Battle violent but masterful
Battle Royale film showing Friday night
By Cedric Severino

Kinji Fukasaku’s Battle Royale combines video-game-like cinematography with perception reminiscent of reality TV to create a truly disturbing film. The combination of these techniques creates a narrative that is profoundly fantastic yet compelling. It entertains while criticizing aspects of the entertainment system it portrays.
The story is post-apocalyptic but poignantly related to modern society. In the mid-21st century, Japanese students rebel against their teachers and stop going to class. In eventual response to this youthful anarchy, the government decides to take drastic and violent action. Each year, a class of ninth grade students is “elected” to take part in a battle royale, in which they are taken to a deserted island under the guise of a “field trip” and must kill each other until only one remains.

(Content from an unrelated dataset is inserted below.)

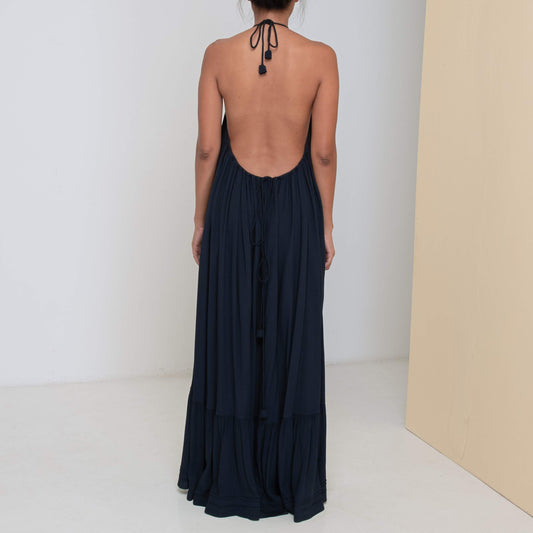 LONG BACKLESS RUFFLED DRESS - Rayon Fujette Crepe | Midnight Blue
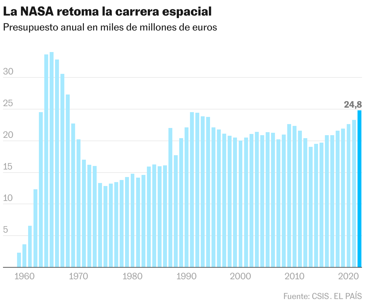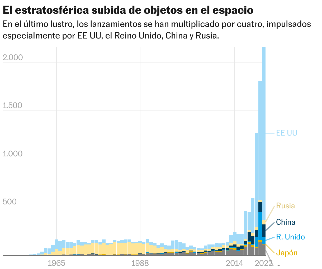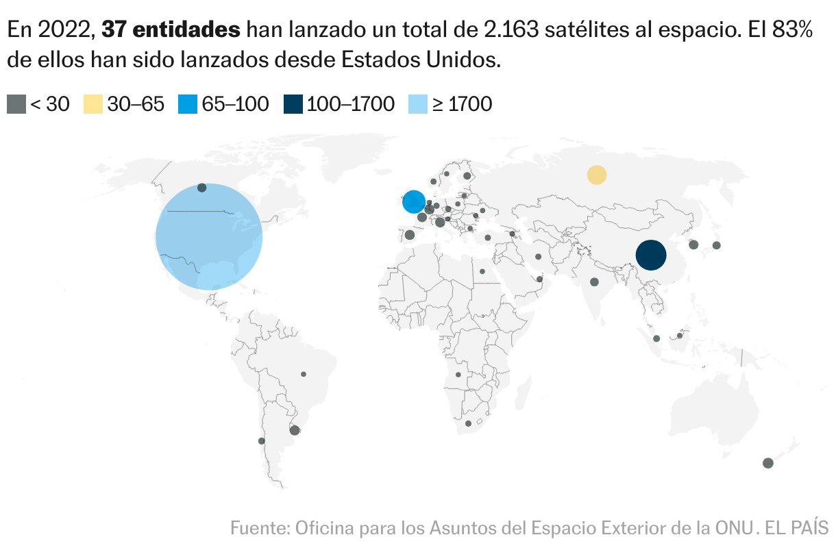 Además, la industria militar es Saturno devorando datos. La firma Spire Global, que controla más de 100 constelaciones, sobre todo nanosatélites, que vigilan el planeta casi en tiempo real diseñados para desintegrarse naturalmente, “ha visto un fuerte aumento” —avanza Joel Spark, jefe de arquitectura satelital— “de compras de datos de satélites comerciales por parte de los Gobiernos para aplicaciones de defensa”. La recién creada Fuerza Espacial estadounidense tiene un presupuesto de 24.000 millones de dólares frente a los 5.000 millones de 2019, cuando la inauguró Trump. “Existe una tendencia hacia la militarización del espacio, que evidencia su relevancia estratégica”, avisa Stephan Klecha, socio fundador del banco de inversión Klecha & Co. En una reunión con periodistas en mayo en la Embajada estadounidense de Londres, la Administración Biden lo dejó muy claro en The Guardian: “Estados Unidos está listo para luchar esta noche en el espacio si es necesario”. Para Rod Drury, vicepresidente internacional de Lockheed Martin Space, “la mayor arma en la guerra del futuro será la información, y los satélites desempeñan un papel esencial. La rapidez con la que se adquiera, difunda y analice la información, y la velocidad con la que se puedan tomar decisiones importantes a partir de ella serán fundamentales para ganar batallas. El Espacio siempre ha sido el punto esencial para recopilar y difundir información a escala planetaria, incluso en las zonas más remotas y conflictivas”.

What follows is a lot of carnage and self-destruction reminiscent of the infighting and savagery of Lord of the Flies. We follow the protagonist, Tatsuya, who was initially guilty of stabbing his teacher in the leg and is thus causally linked to the creation of the battle royale. His struggle is both physical and spiritual, as he attempts to survive without succumbing to the dehumanization that his classmates go through in order to get off the island.
It was easy to be entertained and immersed by the narrative to an extent that the violence did not seem particularly striking. However, Fukasaku structures the film to reveal the artifice and ridiculousness of its compelling characters. He does this through highlighting the plasticity of the characters, making their motivations appear simplistic and clichéd and their character traits indistinctive. He even goes to the extent of allowing a character to be briefly reborn, highlighting the way in which video games are constructed with the consistent option of playing again — one can always be reborn.
While the film seems to invite criticism of the large amount of violence (especially violence committed by children to other children) as potentially dangerous to a youthful audience, its satirical content makes it a filmic masterpiece.
Battle Royale also embodies the alterations that film is undergoing, leading film theorists to hearken the death of cinema. The video game features and self-conscious construction point to the end (or at least decline) of traditional narrative structure as applied to film. While the impact of this philosophical end may not be felt in all its extremity for a few years, the existence of Battle Royale and similar films in Japan seems to foreshadow a potential similar development in American cinema. After all, the Japanese developed Nintendo, so their insights into the technological world of fantasy (often violent and overly-sexualized) seems a bit ahead of our own.
Even if Battle Royale signals the end of the cinema as we know it, the film has retained one dubious aspect of traditional film: the sequel. Battle Royale 2 is due to be released later this year.
The film will be shown at 8 p.m. and 10 p.m. Friday night, West Lecture Hall in the Science Center.